If you're testing an application, here's a simple methodology:

1. Find Endpoints with Identifiers

Look for:

  • userId
  • accountId
  • orderId

2. Intercept Requests

Use tools like Burp Suite.

3. Modify the Identifier

Try:

  • Sequential values
  • Other known IDs
  • UUIDs

4. Analyze the Response

  • Does it return another user's data?
  • Does it allow unauthorized actions?

If yes → vulnerability confirmed.

How to Fix It

Fixing IDOR is not about hiding IDs — it's about enforcing control.

1. Enforce Authorization Checks

Always verify:

Does this user have access to this resource?

2. Use Access Control Mechanisms

Implement Role-Based Access Control (RBAC).

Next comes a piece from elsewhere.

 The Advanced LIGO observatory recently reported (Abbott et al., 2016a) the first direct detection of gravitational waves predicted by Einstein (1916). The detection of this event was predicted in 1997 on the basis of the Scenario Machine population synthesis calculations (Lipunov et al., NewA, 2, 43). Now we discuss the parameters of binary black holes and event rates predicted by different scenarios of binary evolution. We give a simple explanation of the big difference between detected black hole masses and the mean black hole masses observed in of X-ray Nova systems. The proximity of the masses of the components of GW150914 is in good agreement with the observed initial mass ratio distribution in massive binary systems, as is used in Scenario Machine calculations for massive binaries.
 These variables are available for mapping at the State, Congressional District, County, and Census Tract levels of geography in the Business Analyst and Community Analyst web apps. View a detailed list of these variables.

3. Avoid Direct Object References

Use indirect or mapped references where possible.

4. Validate on the Server Side

Never rely on frontend restrictions.

5. Monitor and Log Access

Detect abnormal access patterns early.

A Simple Insight That Matters

Developers often think:

"Users will only access their own data."

Attackers think:

"What happens if I change this value?"

That difference is where vulnerabilities exist.

Conclusion

IDOR is one of the simplest vulnerabilities to test — and one of the most dangerous when overlooked.

It doesn't require advanced exploitation techniques. Just curiosity, observation… and a small change.

Because sometimes, breaking security is as easy as changing a number.